**What you should do**
Wherever pictures occur in the entries below, leave them out and retype the rest exactly.

........

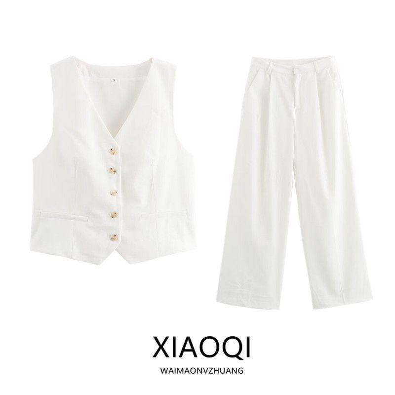 Fashion Style Autumn New Women's Clothing Linen Blend Sleeveless V-neck Vest High Waist Pants 2010765
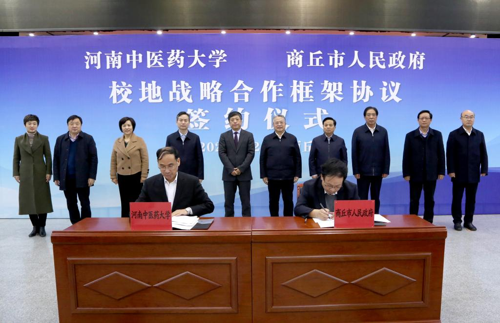 2021年12月17日上午,河南中医药大学与商丘市人民政府校地战略合作框架协议签约仪式在商丘市举行。
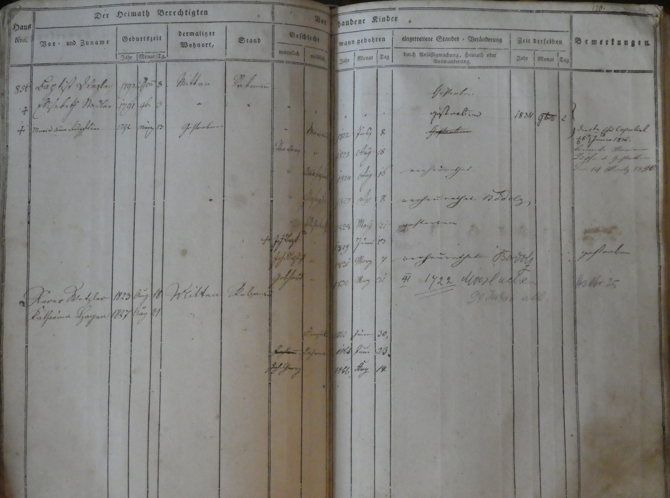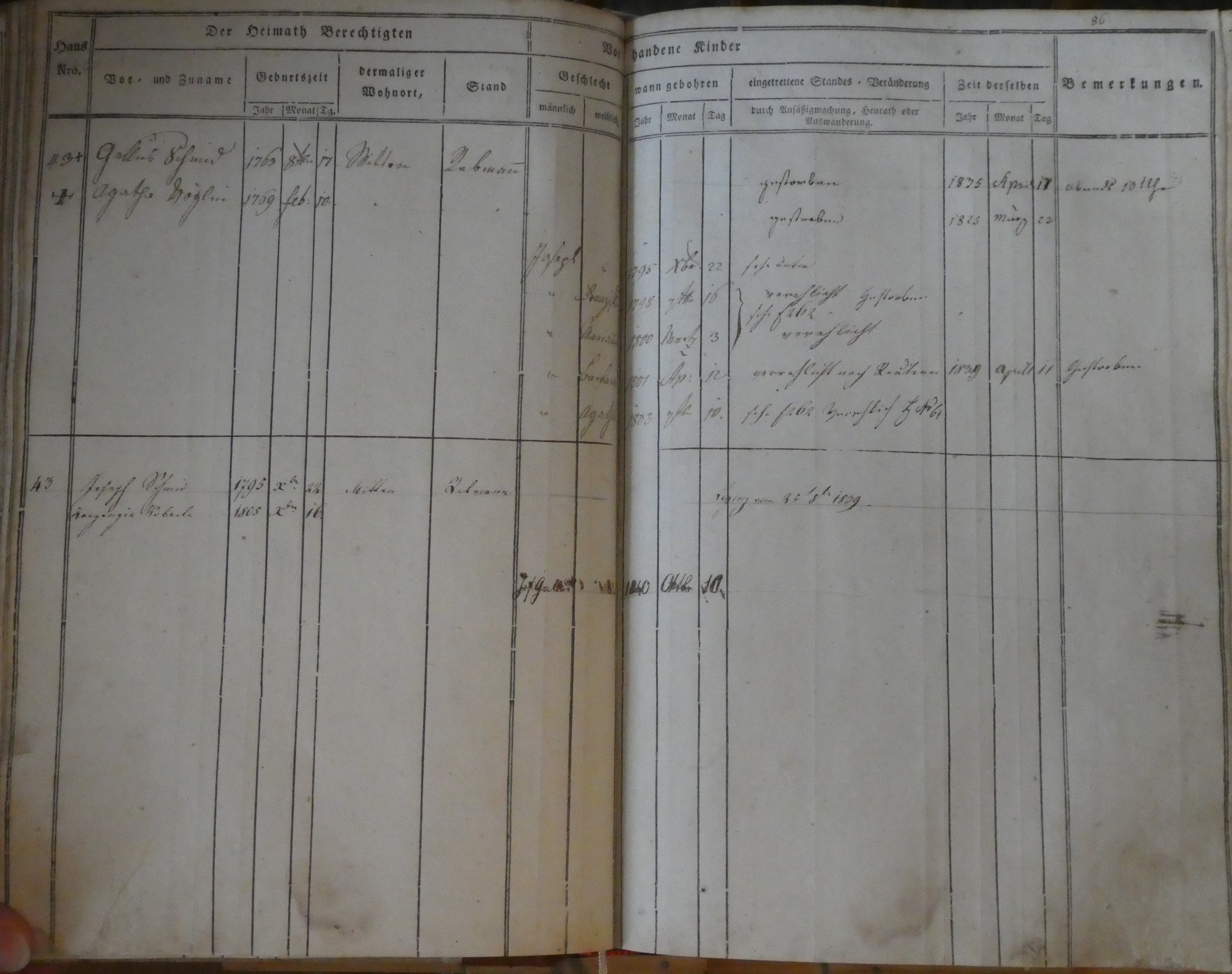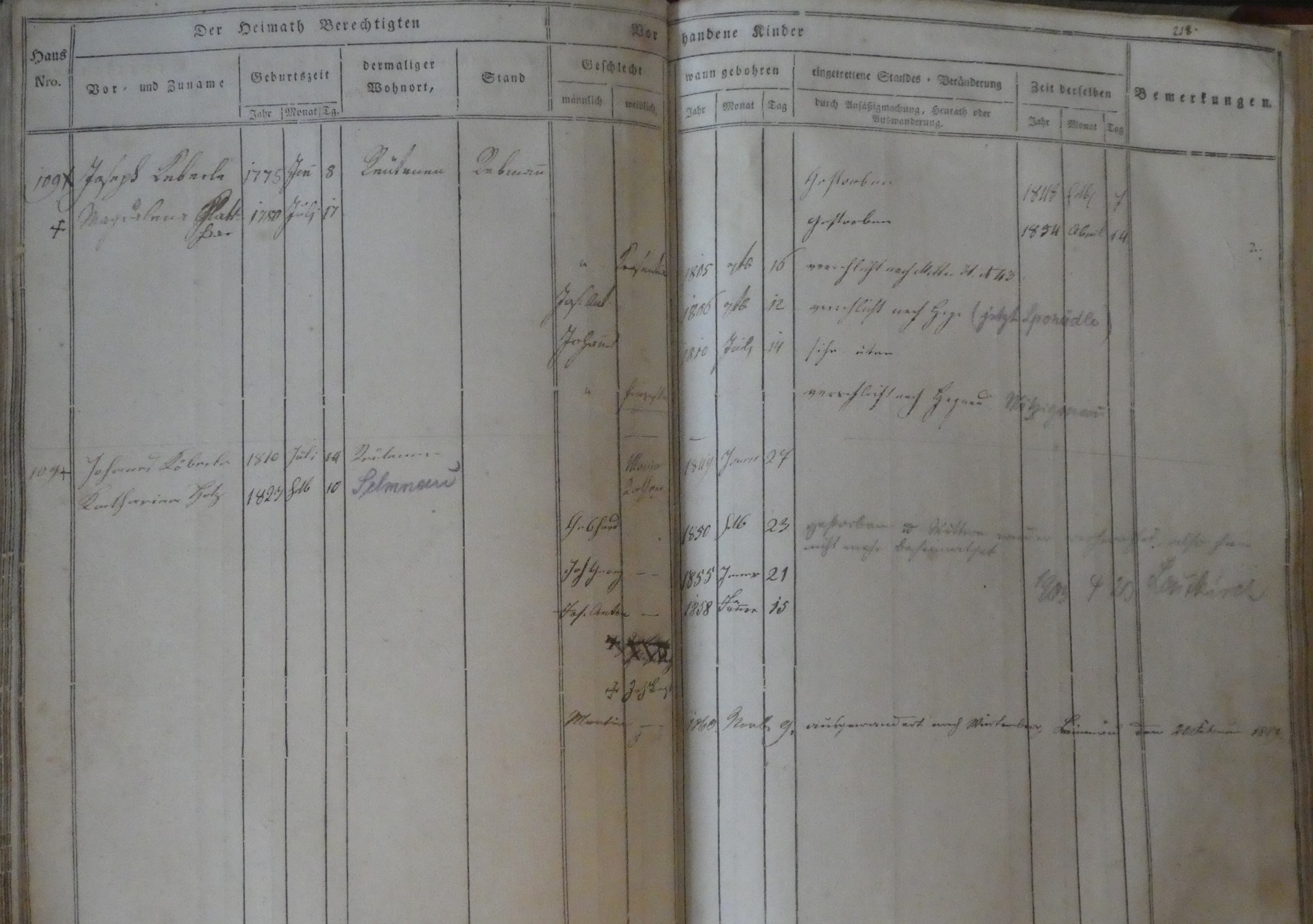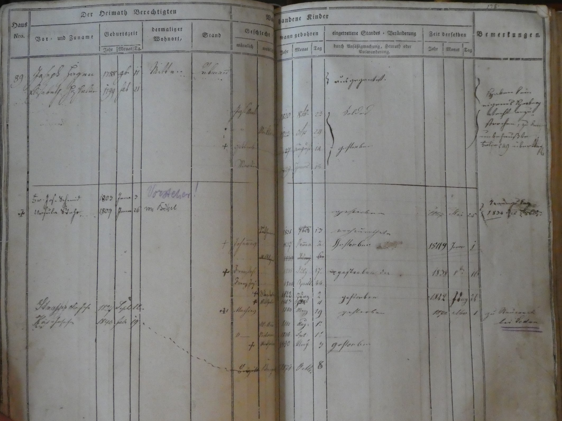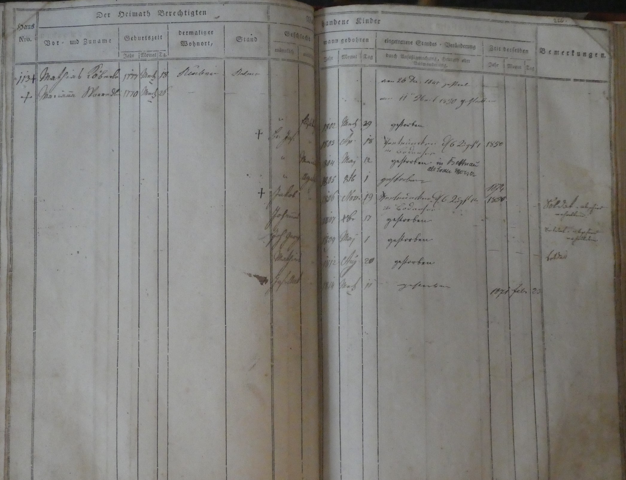 Durch Anklicken der Seitennummer in der 2. Spalte werden die Orginalseiten des Familienstandesbuchs
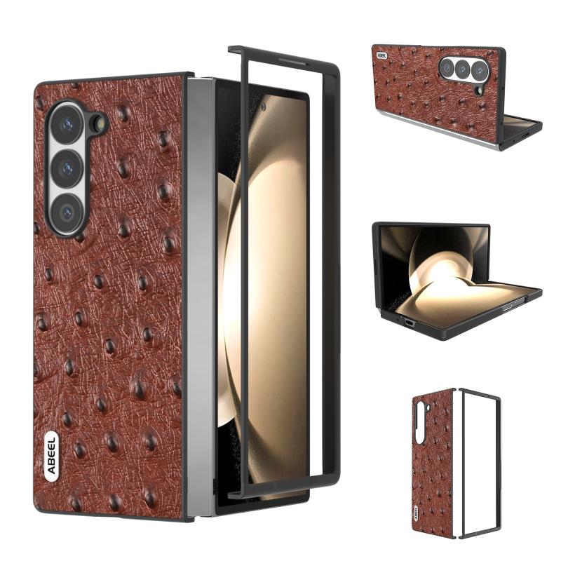 For Samsung Galaxy Z Fold6 ABEEL Genuine Leather Ostrich Texture Phone Case(Coffee)
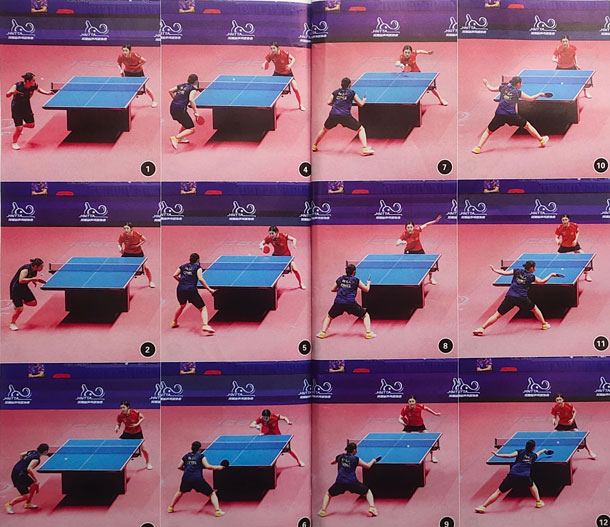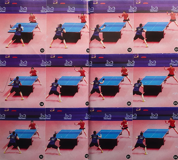 圖21-22中,陳夢(mèng)壓低球板,從后下方向前迎球摩擦球的中后偏上部。為了化解長(zhǎng)膠來(lái)球軟、下沉和不易借力的特點(diǎn),她在觸球瞬間使用手腕適當(dāng)?shù)赝夥{(diào)整板形,增加對(duì)球的接觸面,通過(guò)撞擊釋放出更多力量,給球前進(jìn)的動(dòng)力。這些細(xì)微的技巧,充分展現(xiàn)了她在
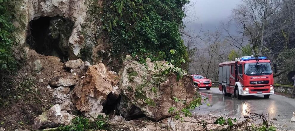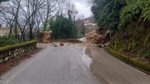 Ad Atina è stata chiusa al traffico via Capodichino dopo la caduta di un grosso masso che ha invaso la carreggiata.
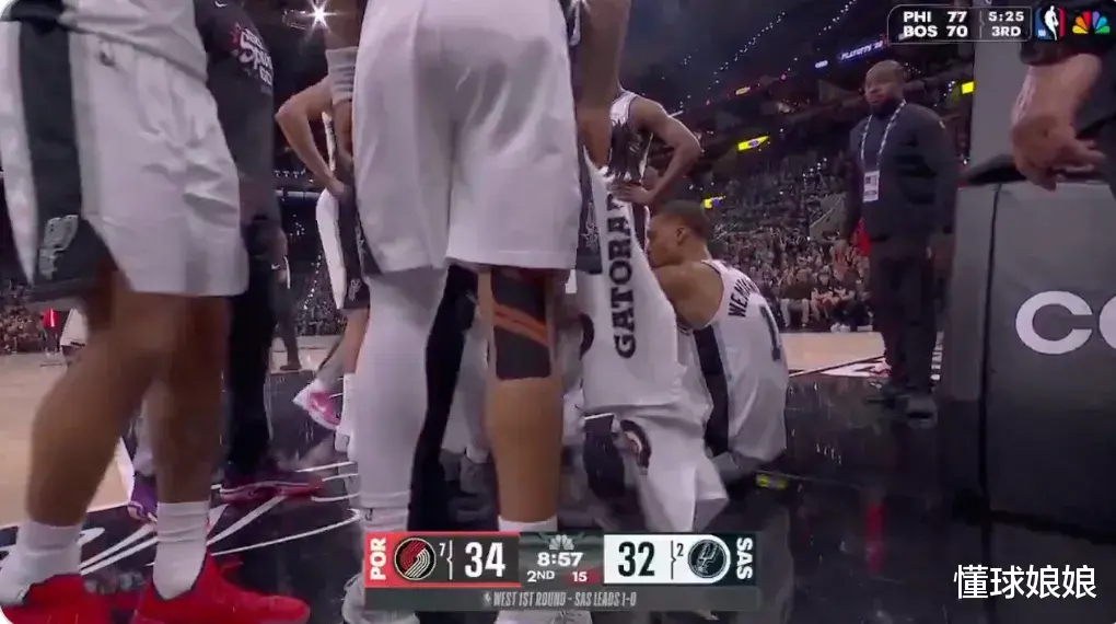 第二节刚开打没多久,文班在一次错位单打霍勒迪的时候摔倒,头部重重磕在地板上。
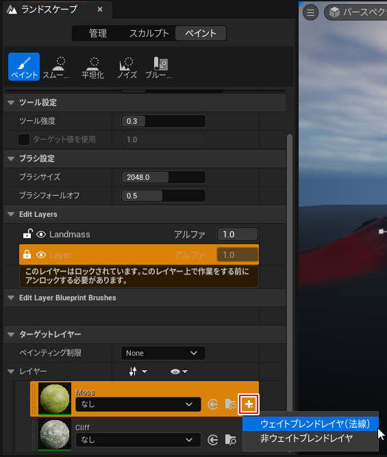 レイヤー情報を複数作成しても、ランドスケープは一番最初に作成されたレイヤーで塗りつぶされた状態になります - 後はレイヤーを切り替え、塗り分けすることが出来ます。
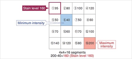 It is possible to detect smaller and more subtle intensity changes (stains) by comparing 16 segments in total, not just 4 segments in the X direction.
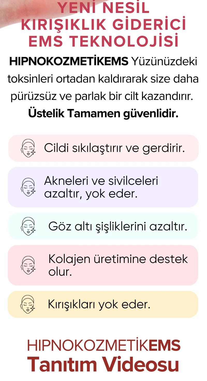 A*** Y*** | 29 Mayıs 2024 |bu cihaz sayesinde gençleştim resmen diyebilirim yüzümde sarkmalar vardı kırışıklıklarımın azalmasına yardımcı oldu çok teşekkür ederim kendımı daha genç hissediyorum
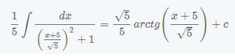 $$\frac {\sqrt 5}{5} arctg \left( \frac{x+5}{\sqrt 5} \right ) +c$$Y eso es todo. Apréndelo por favor, el uso del editor de ecuaciones es muy pesado y hay que permitir saltarse los pasos que sean más sencillos.
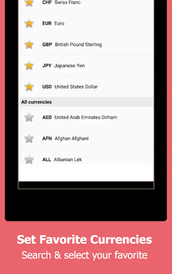▶ Set favorite currencies: tap ⭐️ to save to favorites
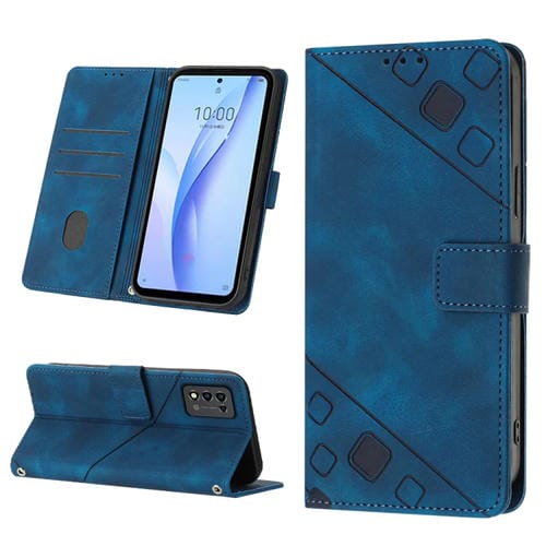 Estuche para ZTE Libero 5G Iii de Cuero en Relieve con Tacto de Piel (Azul)
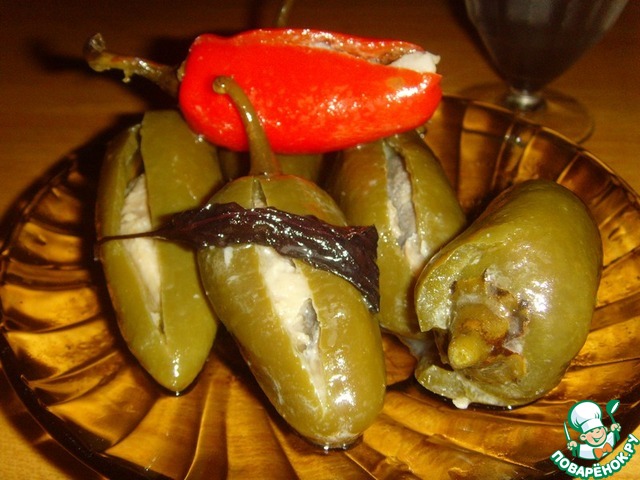 Описание: Viagra Naturale. Неделю назад прилетала в гости подруга. Из Италии. Сидели, смеялись, болтали о жизни под бокал хорошего итальянского вина и она рассказала моему мужу, большому любителю красного жгучего перца, о том, как ее свекр готовит из него закуску. Ну как тут не выспросить подробности? Но, к сожалению, подробностей она не знала. Открыли Интернет и нашли на одном итальянском сайте этот рецепт. Правда, мариновались там маленькие круглые перчики без хвостиков и начинялись баночным тунцом или селедкой. Рецепт я повторила в точности, только заменила круглый маленький перец на привычный длинный. И вот я представляю вам просто чумовую закуску к крепким напиткам - острый чили с селедкой. Ну а почему же Viagra Naturale, спросите вы? Отвечаю - так в Италии называют красный жгучий перец. Самое то для холодных и пасмурных осенних вечеров! ))
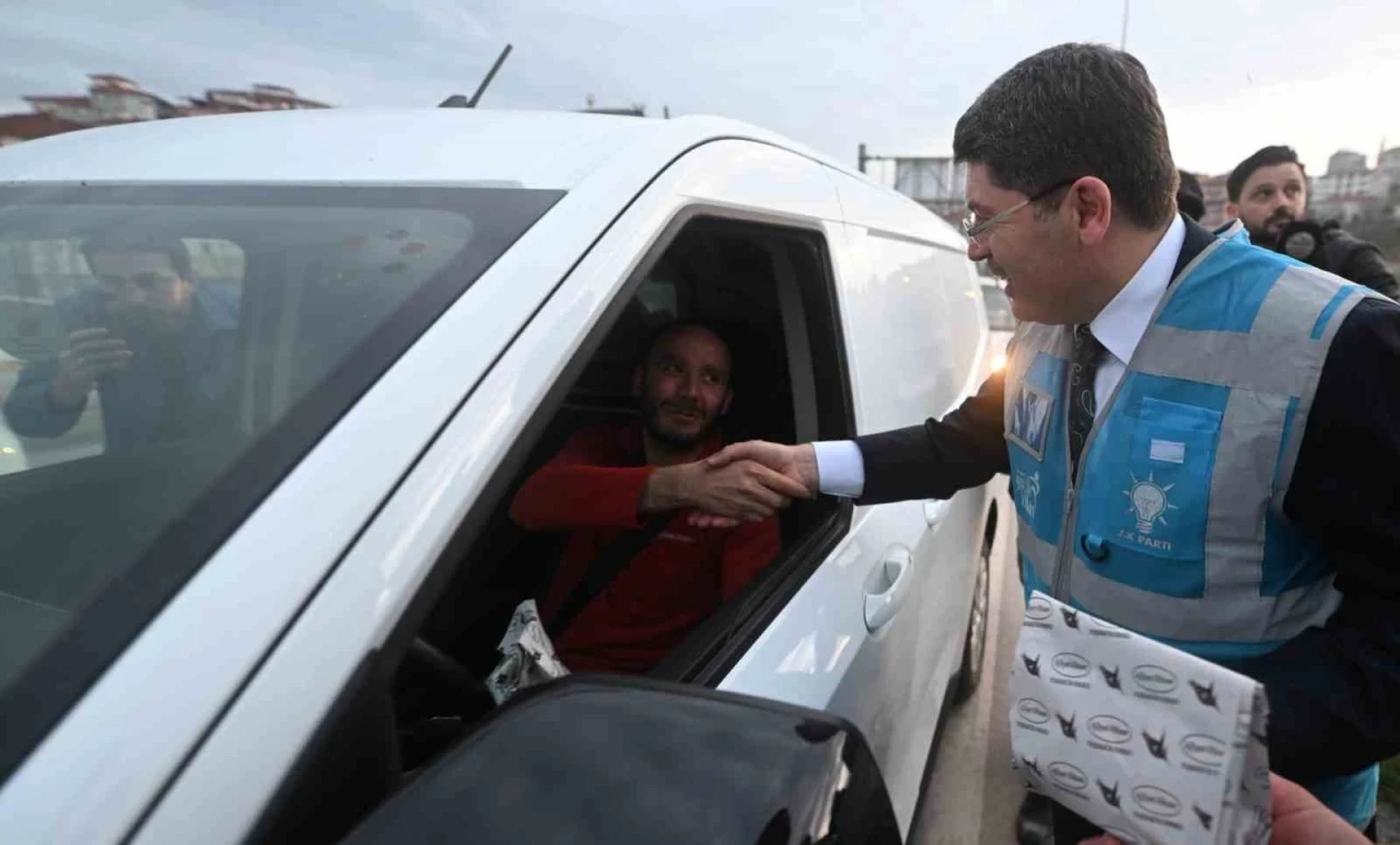 Adalet Bakanı Yılmaz Tunç, iftar vakti evine yetişemeyen vatandaşlara ikramda bulundu.

........

**Reply**
 Fashion Style Autumn New Women's Clothing Linen Blend Sleeveless V-neck Vest High Waist Pants 2010765
 2021年12月17日上午,河南中医药大学与商丘市人民政府校地战略合作框架协议签约仪式在商丘市举行。
 Durch Anklicken der Seitennummer in der 2. Spalte werden die Orginalseiten des Familienstandesbuchs
 For Samsung Galaxy Z Fold6 ABEEL Genuine Leather Ostrich Texture Phone Case(Coffee)
 圖21-22中,陳夢(mèng)壓低球板,從后下方向前迎球摩擦球的中后偏上部。為了化解長(zhǎng)膠來(lái)球軟、下沉和不易借力的特點(diǎn),她在觸球瞬間使用手腕適當(dāng)?shù)赝夥{(diào)整板形,增加對(duì)球的接觸面,通過(guò)撞擊釋放出更多力量,給球前進(jìn)的動(dòng)力。這些細(xì)微的技巧,充分展現(xiàn)了她在
 Ad Atina è stata chiusa al traffico via Capodichino dopo la caduta di un grosso masso che ha invaso la carreggiata.
 第二节刚开打没多久,文班在一次错位单打霍勒迪的时候摔倒,头部重重磕在地板上。
 レイヤー情報を複数作成しても、ランドスケープは一番最初に作成されたレイヤーで塗りつぶされた状態になります - 後はレイヤーを切り替え、塗り分けすることが出来ます。
 It is possible to detect smaller and more subtle intensity changes (stains) by comparing 16 segments in total, not just 4 segments in the X direction.
 A*** Y*** | 29 Mayıs 2024 |bu cihaz sayesinde gençleştim resmen diyebilirim yüzümde sarkmalar vardı kırışıklıklarımın azalmasına yardımcı oldu çok teşekkür ederim kendımı daha genç hissediyorum
 $$\frac {\sqrt 5}{5} arctg \left( \frac{x+5}{\sqrt 5} \right ) +c$$Y eso es todo. Apréndelo por favor, el uso del editor de ecuaciones es muy pesado y hay que permitir saltarse los pasos que sean más sencillos.
▶ Set favorite currencies: tap ⭐️ to save to favorites
 Estuche para ZTE Libero 5G Iii de Cuero en Relieve con Tacto de Piel (Azul)
 Описание: Viagra Naturale. Неделю назад прилетала в гости подруга. Из Италии. Сидели, смеялись, болтали о жизни под бокал хорошего итальянского вина и она рассказала моему мужу, большому любителю красного жгучего перца, о том, как ее свекр готовит из него закуску. Ну как тут не выспросить подробности? Но, к сожалению, подробностей она не знала. Открыли Интернет и нашли на одном итальянском сайте этот рецепт. Правда, мариновались там маленькие круглые перчики без хвостиков и начинялись баночным тунцом или селедкой. Рецепт я повторила в точности, только заменила круглый маленький перец на привычный длинный. И вот я представляю вам просто чумовую закуску к крепким напиткам - острый чили с селедкой. Ну а почему же Viagra Naturale, спросите вы? Отвечаю - так в Италии называют красный жгучий перец. Самое то для холодных и пасмурных осенних вечеров! ))
 Adalet Bakanı Yılmaz Tunç, iftar vakti evine yetişemeyen vatandaşlara ikramda bulundu.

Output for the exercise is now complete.